The clinical diagnosis may be complemented by using questionnaires measuring RLS symptoms (see ► Chap. 2). Questionnaires are also used to assess RLS severity in a standardized fashion.

Practical Tip

Sleep disorders such as insomnia due to RLS have to be actively elicited.

Drug and substance history is necessary to exclude substance-induced RLS. Special attention has to be paid to dopamine antagonistic compounds, e.g., classic and atypical neuroleptics, metoclopramide, tri- and tetracyclic antidepressants, and serotonin reuptake inhibitors. Among antidepressants, mirtazapine is considered to be a drug with RLS as a quite common side effect. Based on Stiasny-Kolster [7], paroxetine, sertraline, escitalopram, venlafaxine, duloxetine, fluoxetine, and citalopram may also cause RLS symptoms.

General physical examination including laboratory parameters (◘ Table 8.1) and bilateral nerve conduction studies (ENG) of the anterior tibialis nerve, if necessary also of the sural nerve and the median nerve, should be included in the basic diagnostic procedures (► Chap. 2).

Table 8.1 Laboratory parameters for exclusion of secondary restless legs syndrome (RLS)

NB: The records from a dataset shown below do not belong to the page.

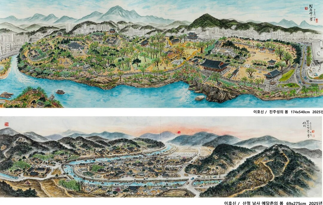 대표 전시작품 '21세기 진주성 전도-진주성의 봄'은 오늘날 진주성의 모습을 담고 있다. 작가는 2년간 현장답사와 전문가 자문, 문헌 탐독을 거치며 성 안팎의 건축물과 자연생태를 살폈다.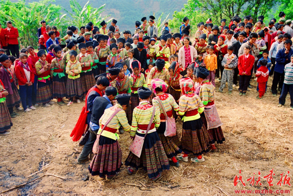 德昌傈僳族婚礼上男女青年的“打跳”“蹢脚舞” 胡小平摄影 引自民族画报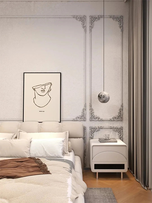 復(fù)古吊燈投射下配合著品味不俗的藝術(shù)畫裝飾,讓整個空間營造出繁而不雜,華而不奢的雅致氛圍。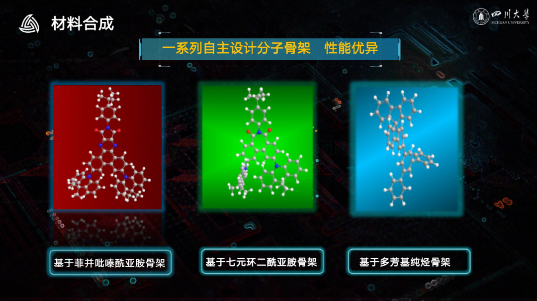 《追光者-新一代节能发光材料》项目团队从原理、路线和分子三大方面进行了技术革新——创新性采用TADF发光机理,发光效率显著提升;自主设计分子骨架,实现纯有机结构;使用基于实验室自主研发的碳氢键合成方法论,缩短了繁杂冗长的合成步骤,设计出新一代OLED节能发光材料,实现技术国产化。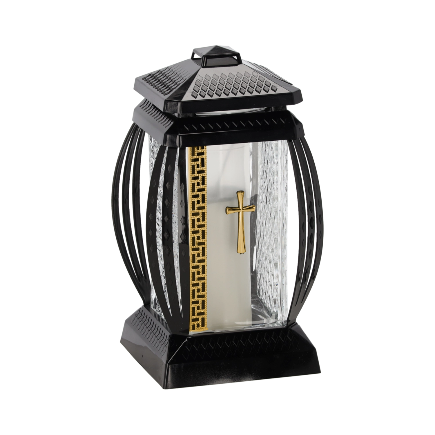 Lumânare cimiterială elegantă model Prima Vera, cu înălțimea de 28 cm, decorată cu sclipici și motiv de cruce, disponibilă în culoare aurie sau argintie. Oferă până la 45 de ore de ardere, îmbinând eleganța estetică cu durabilitatea îndelungată și este ideală pentru decorarea demnă a locului de veci.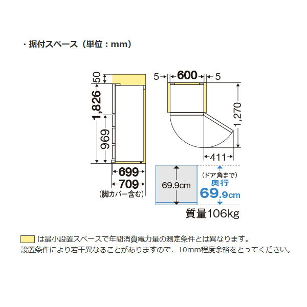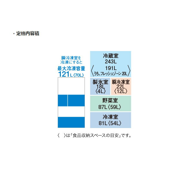 ■ 三菱電機 ■◆ 主な特長 ◆◆ 主な仕様 ◆定格内容積451L各室容量冷蔵243L製氷室18L、瞬冷凍室22L野菜室87L冷凍室81L外形寸法幅600×奥行699×高さ1,826mm必要設置スペース幅610×奥行709×高さ1,876mm質量103kg年間消費電力量(50/60Hz)255kWh/年(JIS C 9801-3:2015)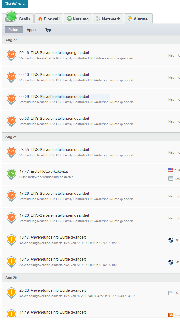 Hallo ab und zu verliere ich die Verbindung zum Internet auch während online gaming und das ist ziemlich störend. Mieine Firewall Programm Glasswire zeigt mir an dass die DNS Servereinstellungen geändert wurden.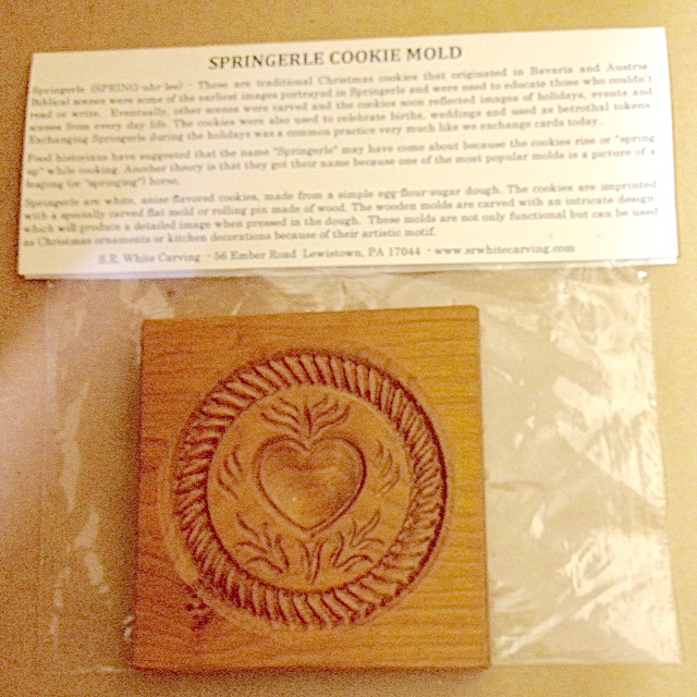 HEART SPRINGERLE COOKIE MOLD (Wooden Cookie Mold only) measuring approximately 3 1/2″ square x 1/2” thick; sizes will vary slightly. Each Springerle Mold is carved from kiln dried American Cherry wood and given a food-safe mineral oil finish. Carved by S.R. White Carving & Son in our Pennsylvania workshop. Each pattern is intricately carved in reverse to create a positive image in cookie dough or other pliable materials for craft projects. These Springerle Cookie Molds will make beautiful decorative cookies that you can use to adorn your Holiday table. Crafters can also use these Cookie Molds to make festive decorations because of their decorative design. A Springerle Cookie recipe is included with each Cookie Mold. Collect all our Springerle Cookie Molds for your baking and Holiday decorating. (Pictures of molded Heart are made with sculpey clay.)

The physical examination in primary RLS is often without specific findings. However, it is useful for identifying secondary RLS, to assess possible underlying diseases.

The response to l -DOPA (l-DOPA test) is sometimes applied for diagnostic confirmation of RLS, in particular when a dopaminergic therapy had not yet been performed or the initial therapeutic effect of the dopaminergic therapy cannot be clearly evaluated. A single dose of 100 mg l-DOPA should be applied after the onset of RLS complaints; the response is then measured via severity scales; an improvement of 50% in the severity index is defined as responder. This test can confirm the diagnosis of RLS in about 90% of untreated patients. Not responding to the L-Dopa test (i.e., improvement of less than 50% with l-DOPA), however, does not exclude a possible RLS.

8.1.6 Sleep Diagnostics

Sleep diagnostic procedures should include a sleep history to rule out other disorders that may be associated with insomnia complaints. Sleep-related history taking also helps to assess impaired performance during daytime and the risk of daytime sleepiness in dangerous situations like driving a car or supervising heavy machinery.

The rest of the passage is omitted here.